(Information provided)

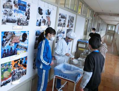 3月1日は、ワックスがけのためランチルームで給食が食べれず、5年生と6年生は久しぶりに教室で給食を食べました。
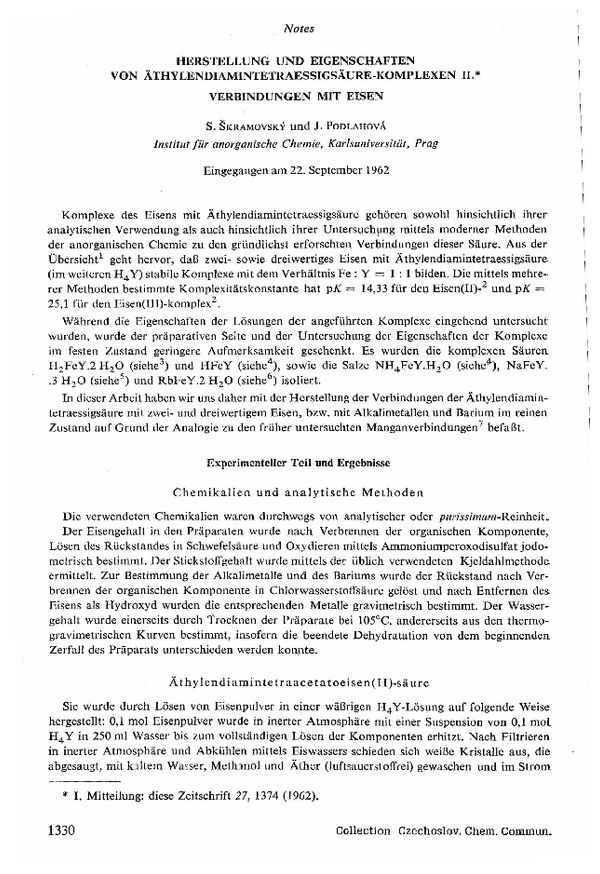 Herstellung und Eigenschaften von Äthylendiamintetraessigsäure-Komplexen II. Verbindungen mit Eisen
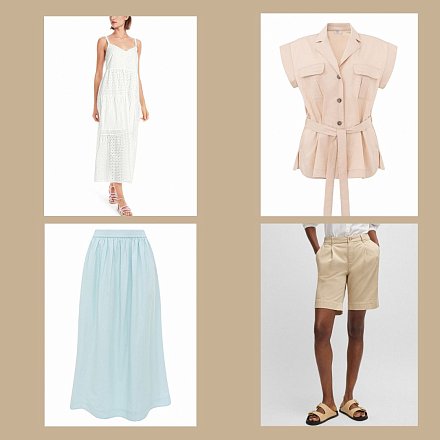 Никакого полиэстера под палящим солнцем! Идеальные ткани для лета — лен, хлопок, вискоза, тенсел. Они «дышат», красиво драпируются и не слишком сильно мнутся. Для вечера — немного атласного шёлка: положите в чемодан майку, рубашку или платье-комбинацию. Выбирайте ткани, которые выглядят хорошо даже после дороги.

(End Information provided)

Repeat the data word for word. Skip the pictures.

Solution for this problem
 3月1日は、ワックスがけのためランチルームで給食が食べれず、5年生と6年生は久しぶりに教室で給食を食べました。
 Herstellung und Eigenschaften von Äthylendiamintetraessigsäure-Komplexen II. Verbindungen mit Eisen
 Никакого полиэстера под палящим солнцем! Идеальные ткани для лета — лен, хлопок, вискоза, тенсел. Они «дышат», красиво драпируются и не слишком сильно мнутся. Для вечера — немного атласного шёлка: положите в чемодан майку, рубашку или платье-комбинацию. Выбирайте ткани, которые выглядят хорошо даже после дороги.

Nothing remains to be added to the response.